Well, if you can persuade Parliament to repeal the wads of legislation, the Children Act in particular, then you might be able to cut the already very restricted budget. Social Services mainly exist to meet the statutory duties imposed on them by parliament. 

The incredible pressures on Child Protection Social Workers already mean that few make it into their fifteenth year of service.

So here's another question: do you know exactly what it is the Social Services does?

If we take Child protection - the group Dave portrays as being "trotted out to wring their hands and talk about 'poor family background' and various other excuses" - their role is to assume the statutory responsibilities for the protection of children as laid down by parliament.  Now, if they tried to cover every child ever born in the UK - an aspiration which some of the tabloids suggest - then there would be screams of outrage against 'big brother'.   So they deal only with referrals.  Now, in another topic in here people were roundly condemning those who attacked and tortured the residents of the hospital. These residents were learning disabled and often - although not inevitably - from learning disabled parents, all of which means they could easily be displaying a wide range of what are euphemistically termed 'challenging behaviours', which can include vandalism, maiming and killing animals and a lot worse. I wonder if anyone is starting to see the irony?

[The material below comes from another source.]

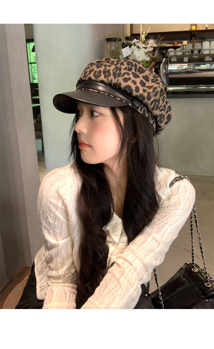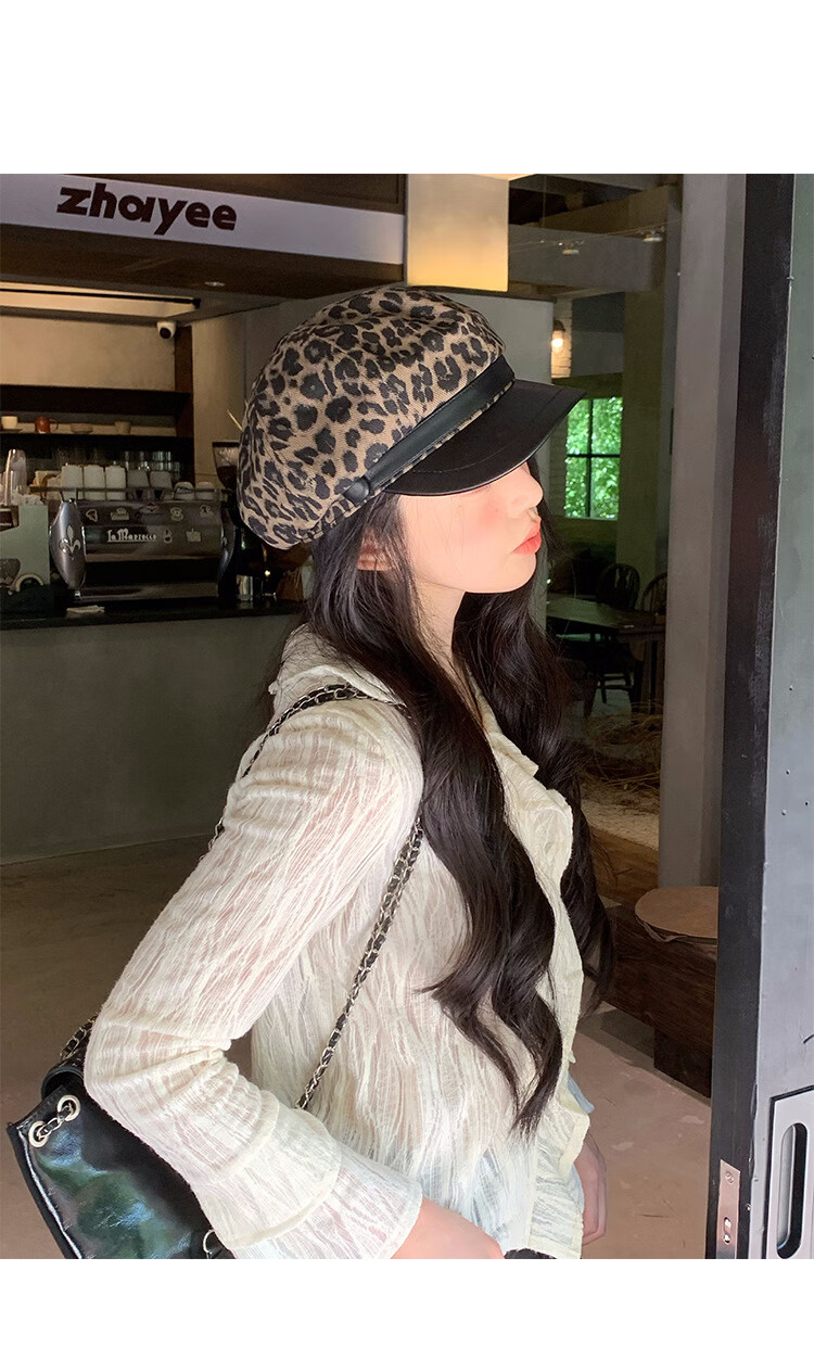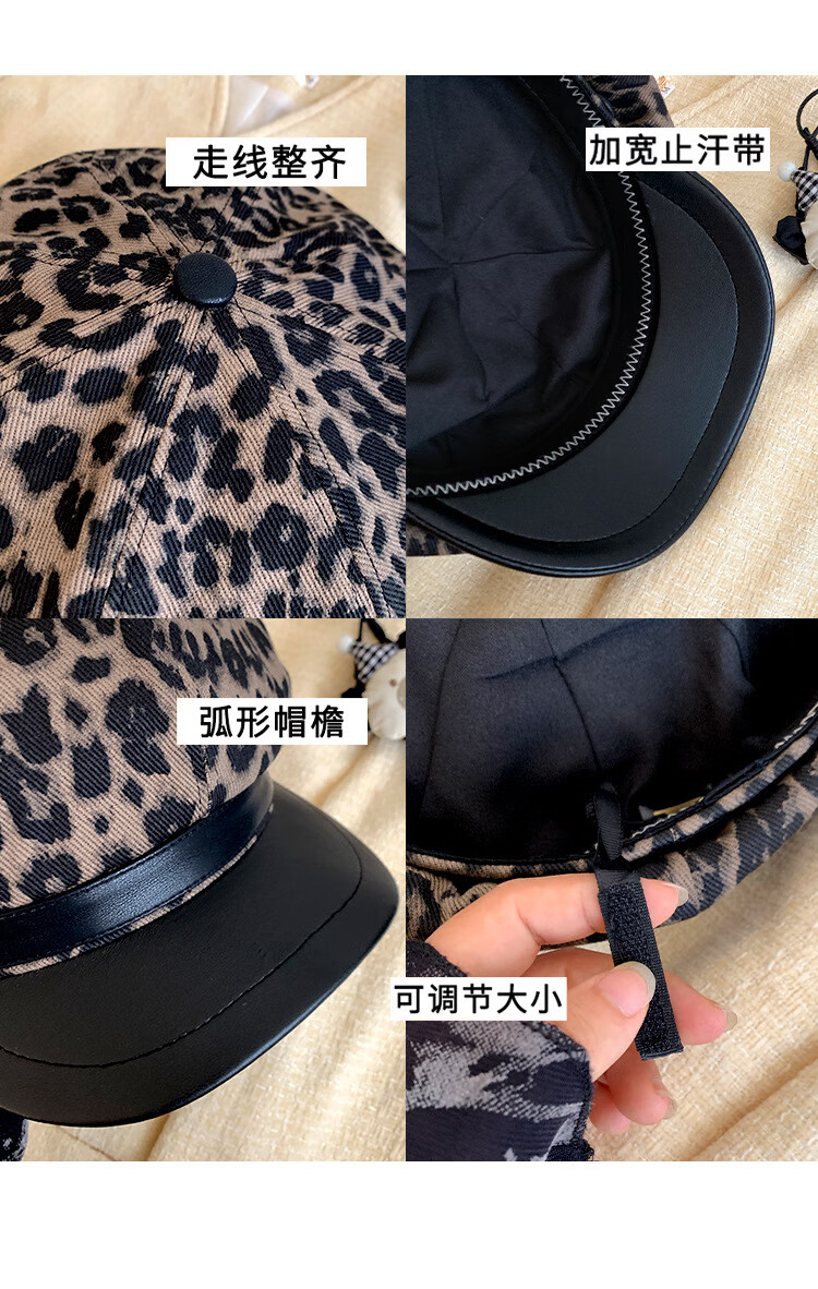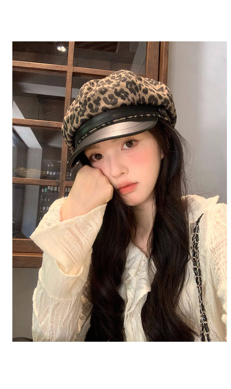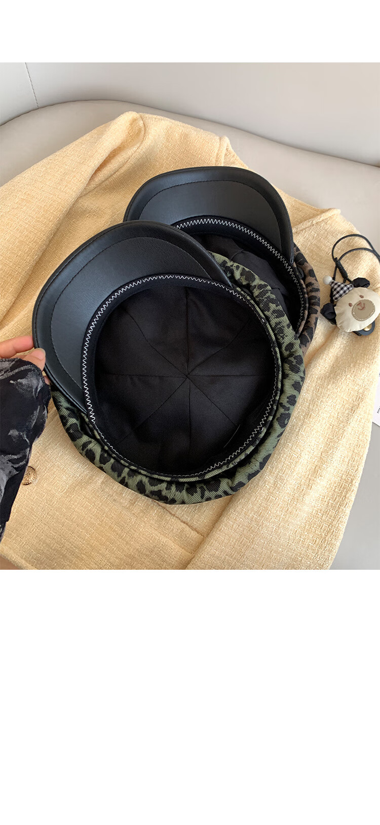 2025 New Retro Leopard Print Beret Girls Autumn Millennial Niche Octagonal Hat Big Head Circumference Showing Face Hat Fashion Brown Leopard Print

Back to the referrals, and social services can only open a case when a complaint or notification is received. Once that happens, the system swings into operation, with case conferences, joint agency  meetings, school reports, medical reports - in short, the works.  What you might not realise is how many referrals are malicious.  Surprising that perhaps someone who's fallen out with a neighbour wants to bring a whole load of troubles down on their heads, and the easiest way to do that is an anonymous call to the egregious NSPCC.

If it does turn out that there is really a cause for concern, then case workers are assigned to a family and the formal assessment is made.  Now, strangely enough, bad parents don't see themselves as bad, so they protest strongly when social workers appear to question their methods, and the court will appoint a solicitor to defend their 'interests'.  This means court appearances, and the gathering of evidence - more time, expense and paperwork.  If the evidence doesn't hold water in court, the entire process has to restart.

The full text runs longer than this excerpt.